(Data extracted from a collection)
---

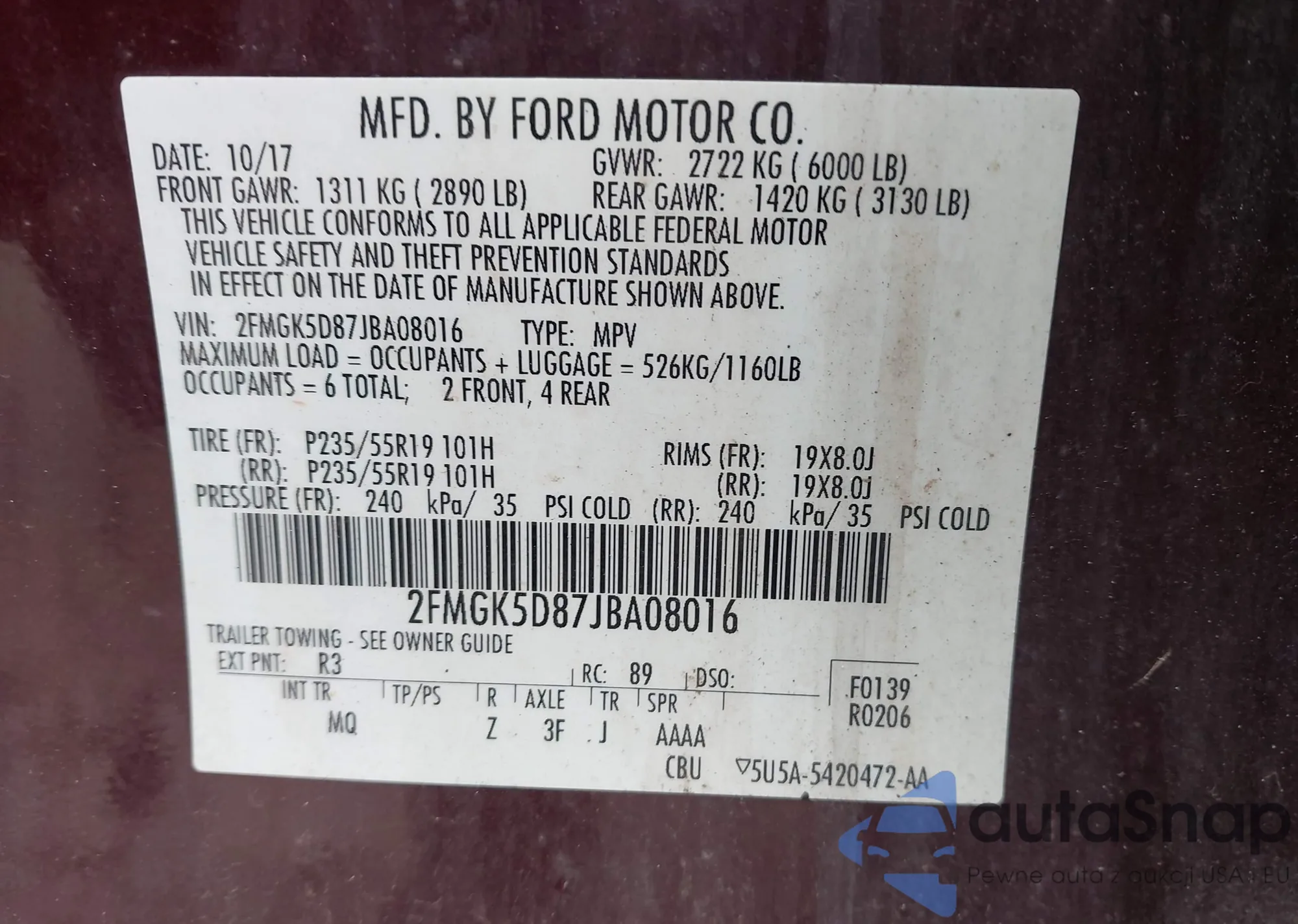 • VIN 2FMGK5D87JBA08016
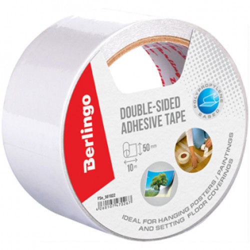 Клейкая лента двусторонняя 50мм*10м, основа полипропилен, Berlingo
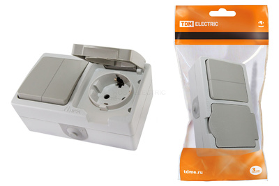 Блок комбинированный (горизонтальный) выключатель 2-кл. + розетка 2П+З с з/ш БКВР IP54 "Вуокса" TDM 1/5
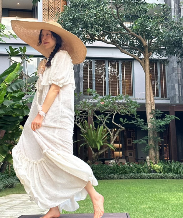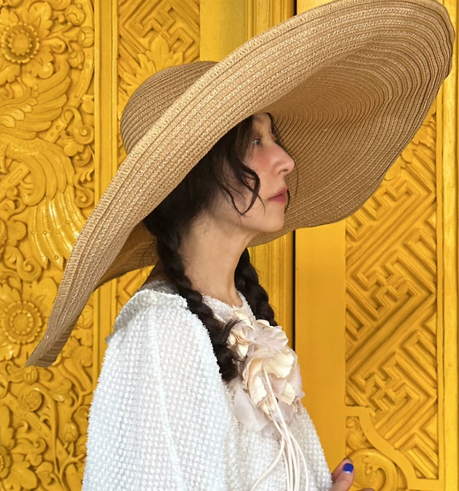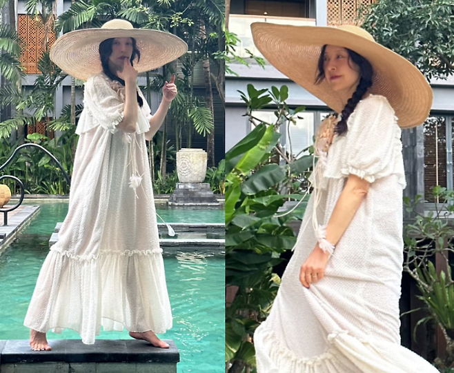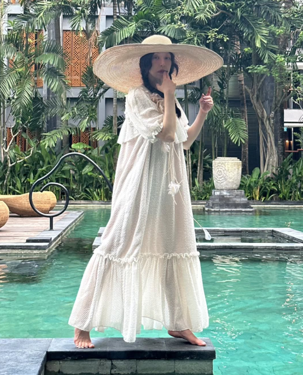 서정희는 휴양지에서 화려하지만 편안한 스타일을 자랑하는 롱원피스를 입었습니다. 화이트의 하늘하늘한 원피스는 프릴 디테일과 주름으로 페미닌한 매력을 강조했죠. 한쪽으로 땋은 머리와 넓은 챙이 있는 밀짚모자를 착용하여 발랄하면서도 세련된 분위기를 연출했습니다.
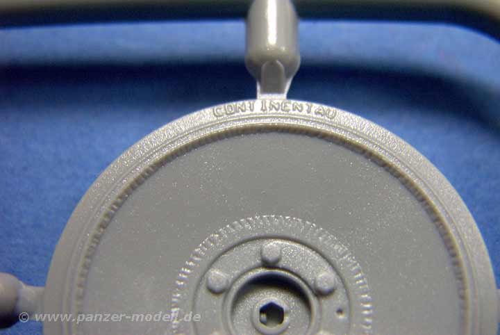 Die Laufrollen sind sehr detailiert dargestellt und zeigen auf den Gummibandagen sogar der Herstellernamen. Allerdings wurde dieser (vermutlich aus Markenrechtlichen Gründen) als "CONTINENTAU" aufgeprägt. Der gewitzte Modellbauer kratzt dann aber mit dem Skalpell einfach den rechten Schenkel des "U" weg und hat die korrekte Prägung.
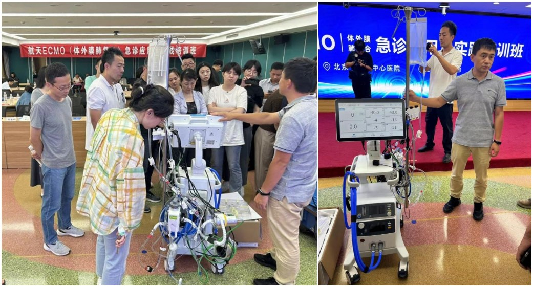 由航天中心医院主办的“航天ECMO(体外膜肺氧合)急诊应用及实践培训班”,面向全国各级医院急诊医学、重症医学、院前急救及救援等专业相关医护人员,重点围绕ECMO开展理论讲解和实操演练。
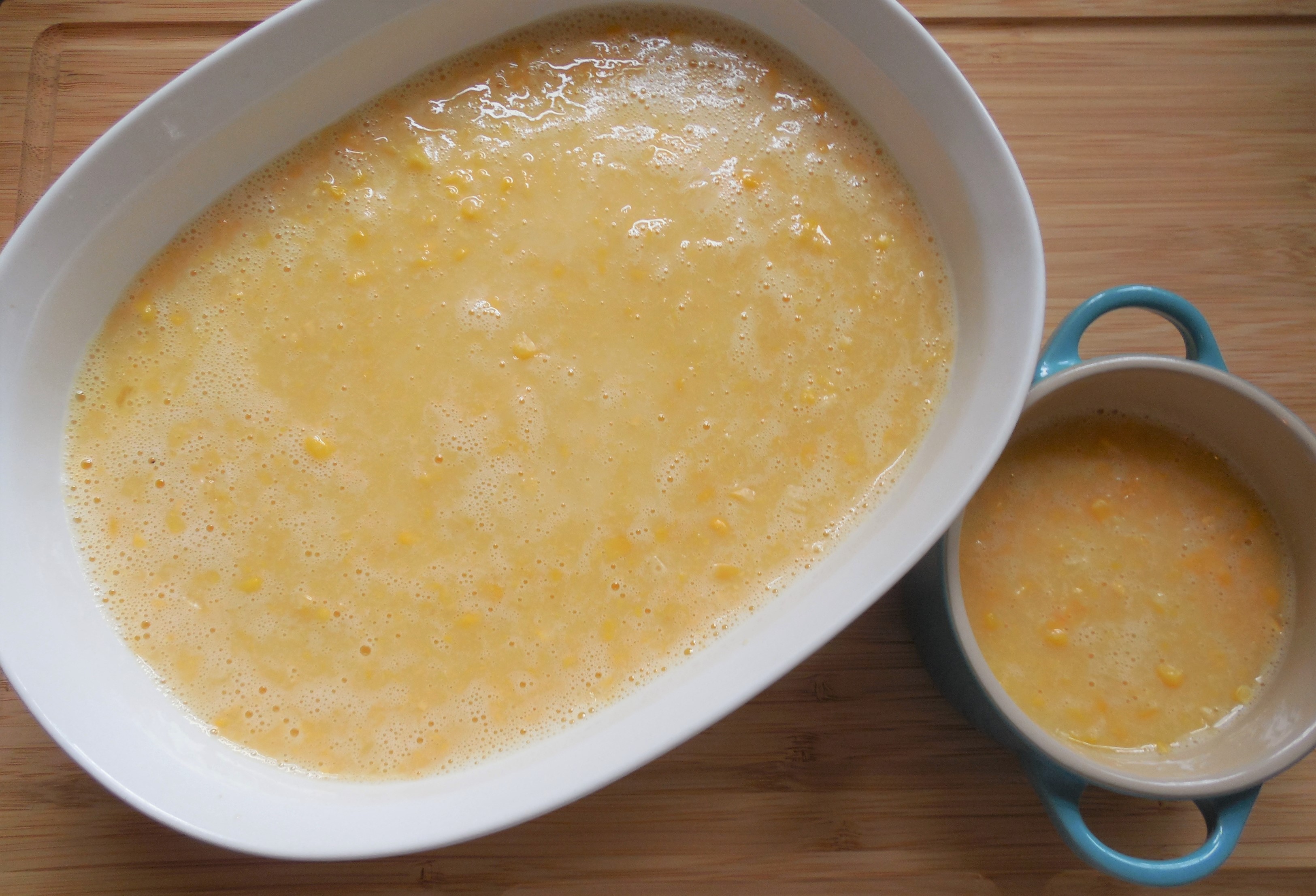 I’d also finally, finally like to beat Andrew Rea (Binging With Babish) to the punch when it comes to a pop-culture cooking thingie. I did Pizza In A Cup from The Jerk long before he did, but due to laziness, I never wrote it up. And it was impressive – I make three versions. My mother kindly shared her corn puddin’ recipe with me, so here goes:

---

| Work request |
Each record needs to be reproduced exactly, and no image should be carried over.

| The completed task |
 • VIN 2FMGK5D87JBA08016
 Клейкая лента двусторонняя 50мм*10м, основа полипропилен, Berlingo
 Блок комбинированный (горизонтальный) выключатель 2-кл. + розетка 2П+З с з/ш БКВР IP54 "Вуокса" TDM 1/5
 서정희는 휴양지에서 화려하지만 편안한 스타일을 자랑하는 롱원피스를 입었습니다. 화이트의 하늘하늘한 원피스는 프릴 디테일과 주름으로 페미닌한 매력을 강조했죠. 한쪽으로 땋은 머리와 넓은 챙이 있는 밀짚모자를 착용하여 발랄하면서도 세련된 분위기를 연출했습니다.
 Die Laufrollen sind sehr detailiert dargestellt und zeigen auf den Gummibandagen sogar der Herstellernamen. Allerdings wurde dieser (vermutlich aus Markenrechtlichen Gründen) als "CONTINENTAU" aufgeprägt. Der gewitzte Modellbauer kratzt dann aber mit dem Skalpell einfach den rechten Schenkel des "U" weg und hat die korrekte Prägung.
 由航天中心医院主办的“航天ECMO(体外膜肺氧合)急诊应用及实践培训班”,面向全国各级医院急诊医学、重症医学、院前急救及救援等专业相关医护人员,重点围绕ECMO开展理论讲解和实操演练。
 I’d also finally, finally like to beat Andrew Rea (Binging With Babish) to the punch when it comes to a pop-culture cooking thingie. I did Pizza In A Cup from The Jerk long before he did, but due to laziness, I never wrote it up. And it was impressive – I make three versions. My mother kindly shared her corn puddin’ recipe with me, so here goes:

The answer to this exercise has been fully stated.